But Tottenham were not playing without a striker on Sunday. The line was led by Heung-Min Son, scorer of 69 goals in three-and-a-half seasons and their reigning Player of the Year.

Rather, they were playing without a Mourinho-style striker. Kane could be seen as the successor to Didier Drogba, Zlatan Ibrahimovic, Diego Milito and Diego Costa, Mourinho’s four totemic target men. Son certainly is not.

There is a separate argument that Romelu Lukaku lost his way by bulking up, slowing down and playing more with his back to goal in a bid to become the quintessential Mourinho striker. That option is scarcely available to the smaller Son.

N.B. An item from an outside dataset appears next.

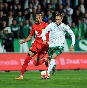 Eskişehirspor’un Senegalli oyuncusu Diomansy Kamara dün Bursaspor ile oynanan karşılaşmada saç baş yoldurdu. Maçın 18’inci dakikasında rakip Bursa’nın kazandığı köşe vuruşunda topu uzaklaştırmak yerine kalesine yollayan Kamara, Bursaspor’u 1-0 öne geçirdi. Bursaspor karşısında etkisiz bir performans sergileyen Senegalli oyuncu asıl bombayı 51’inci dakikada patlattı. Sağ kanattan geliştirilen atakta Sezgin’in ortasında topla buluşan Kamara meşin yuvarlığa çizgide etkisiz bir vuruş yaptı ve sahalarda ender görülen bir gol kaçırdı.

Tottenham’s squad is such that there is a solitary senior specialist striker, in the sidelined Kane. Mourinho, ever reluctant to blood youth, said it was “too soon” to pick the Irish prodigy Troy Parrott as Kane’s deputy. The 17-year-old remained an unused substitute against Middlesbrough.

Which leaves him with two winger-strikers, in Son and Lucas Moura, men who can run beyond a defence and outscore many a striker but who do not offer the focal point Mourinho tends to require in attack. There are ways in which the squad Mauricio Pochettino bequeathed Mourinho suits the Portuguese. This is not one of them.

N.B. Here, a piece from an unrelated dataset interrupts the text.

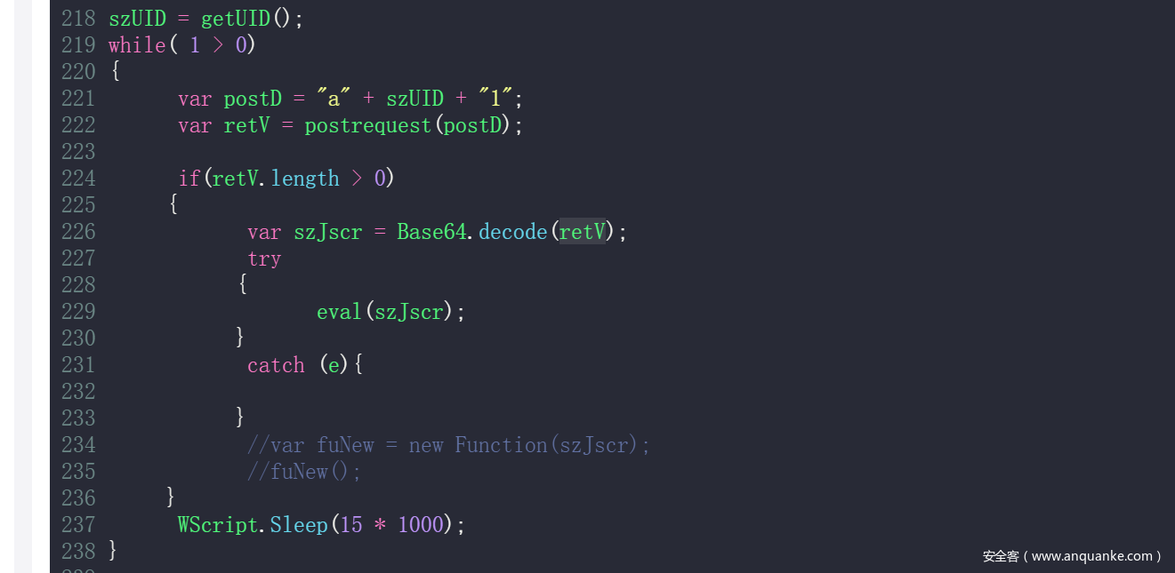 生成用于标识受害机的ID,发送至C2服务器后每15秒检查一次C2服务器发送的后续payload。

It was scarcely perfect for Pochettino, though. Kane’s ubiquity was such that the role of his deputy was hard to fill; given a promise of precious little first-team football when the regular was around, expected to score when he was not.

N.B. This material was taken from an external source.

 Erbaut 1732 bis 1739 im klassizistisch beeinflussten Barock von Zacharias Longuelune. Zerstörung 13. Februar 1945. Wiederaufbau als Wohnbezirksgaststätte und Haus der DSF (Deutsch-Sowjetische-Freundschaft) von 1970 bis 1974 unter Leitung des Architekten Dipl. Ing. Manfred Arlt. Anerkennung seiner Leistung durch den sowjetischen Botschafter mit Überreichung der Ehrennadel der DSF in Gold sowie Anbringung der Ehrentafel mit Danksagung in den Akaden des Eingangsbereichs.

The goal-shy Vincent Jansson failed. Fernando Llorente, however, made a much better fist of it. The Spaniard could be bit-part player and big-game scorer, finding the net against Chelsea, Borussia Dortmund and, controversially, City last season.

His summer departure, coupled with Spurs’ inability to replace him, constituted one of Daniel Levy’s transfer-market failures especially as Kane’s injuries have become annual affairs. Pochettino was left short-staffed; Mourinho, considering his fondness for physical strikers, more so.

If it explains an interest in AC Milan’s Krzysztof Piatek, a strapping striker who once described Kane as his role model, Spurs face a familiar dilemma: do they spend too much on someone who reverts to a reserve when the top scorer is fit? And is such a player willing to settle for a status as the second choice?

It is a reason why Son and Lucas became invaluable; each could get plenty of first-team football on the flanks as well. Still more significantly, each can raise his game in Kane’s absence. The South Korean has 11 goals in his last 15 outings without Kane alongside him in the starting XI.

In the Englishman's absence, they shaped their extraordinary Champions League run last season, Son with two goals away at the Etihad Stadium and Lucas with the most dramatic of hat-tricks against Ajax. Arguably, Pochettino erred by benching the Brazilian and turning back to a semi-fit Kane for the final.

But if the most recent figures are bleak – Spurs have only four goals and five points from their last six league games without Kane – before then Pochettino’s side showed the resolve and resourcefulness to cope. Their fluidity and flexibility helped. They could adapt to a different kind of forward.

Mourinho plays more in straight lines, looking to the out-ball up to the target man; Kane, tellingly, was winning more headers per game under the Portuguese than his predecessor.

Mourinho presented himself as a changed man when he joined Spurs, one who had spent his time off learning lessons from the past. The last week has illustrated the game has evolved since Mourinho emerged as a new thinker.

Pep Guardiola won with a group of false nines on Tuesday. He and Jurgen Klopp would seem eminently capable of prospering with Son as their striker. But can Mourinho?